PROBLEM TO SOLVE:
Retype word for word the first line of the listing and each line after it up to the line with "De praktische bedrade", with the pictures taken out.

*** Opening DATASET SECTION ***

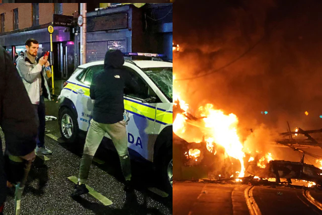People the police later described as far-right protesters disrupted the crime scene, chanting anti-immigrant slogans and took to the streets of Dublin, setting vehicles ablaze and clashing with police.
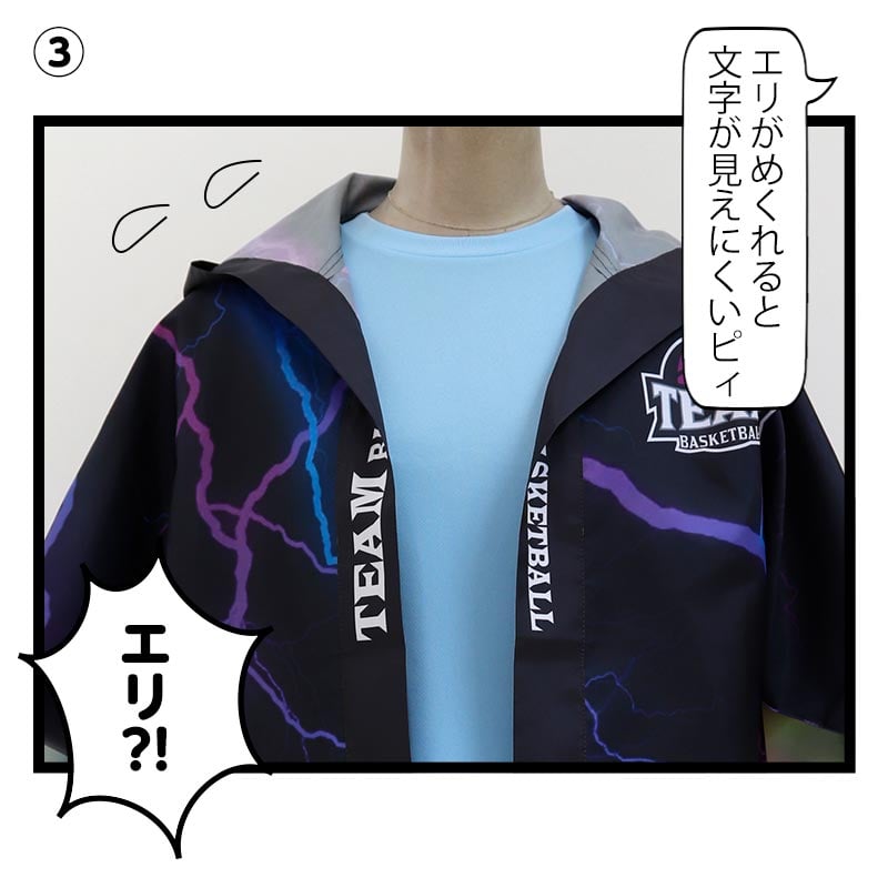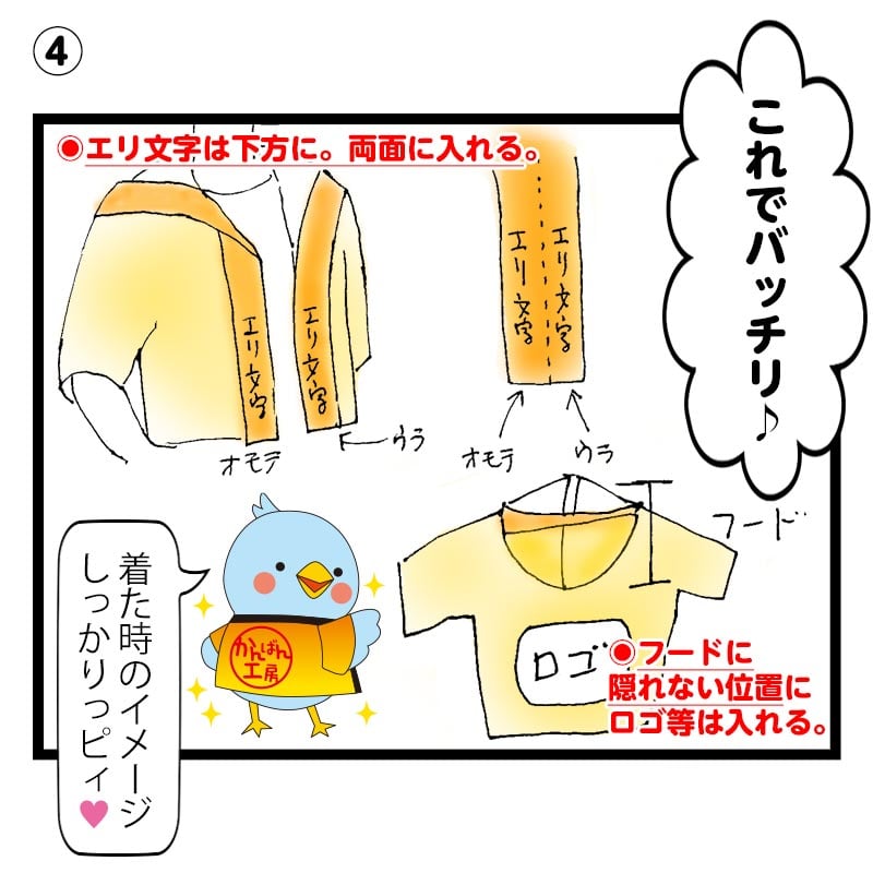 フードによって、エリがめくれやすいです。そのため、ロゴを中央より下方に、両面に入れることをおすすめ。めくれても、裏側になっても見えやすくなります。
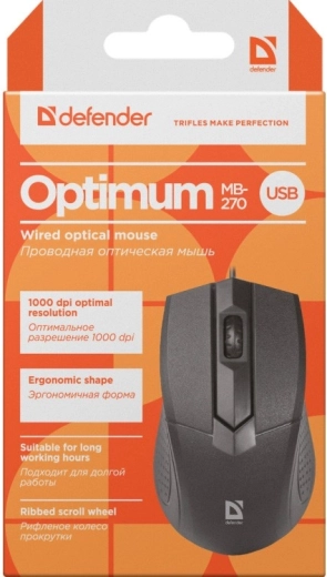 De praktische bedrade muis DEFENDER Optimum MB-270 biedt nauwkeurige bediening dankzij een optische sensor van 1000 DPI, een betrouwbare bekabelde verbinding en 3 knoppen voor comfortabel dagelijks gebruik.
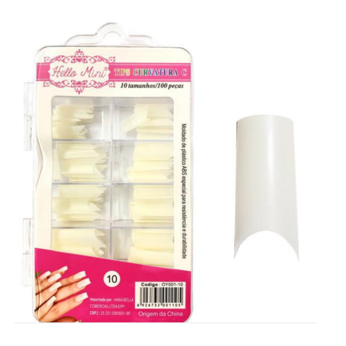 Características Técnicas - Modelo: OY001-10 - Tips Curvatura C - Contém: Kit com 100 unhas postiças/10 tamanhos diferentes - Material: Plástico ABS de alta resistência e não trinca - Alonga e dá maior beleza e fino acabamento nas suas unhas - Os tamanhos são separados em compartimentos separados individuais para sua praticidade - Cola não inclusa

*** Closing DATASET SECTION ***

SOLUTION TO THIS TASK:
People the police later described as far-right protesters disrupted the crime scene, chanting anti-immigrant slogans and took to the streets of Dublin, setting vehicles ablaze and clashing with police.
 フードによって、エリがめくれやすいです。そのため、ロゴを中央より下方に、両面に入れることをおすすめ。めくれても、裏側になっても見えやすくなります。
 De praktische bedrade muis DEFENDER Optimum MB-270 biedt nauwkeurige bediening dankzij een optische sensor van 1000 DPI, een betrouwbare bekabelde verbinding en 3 knoppen voor comfortabel dagelijks gebruik.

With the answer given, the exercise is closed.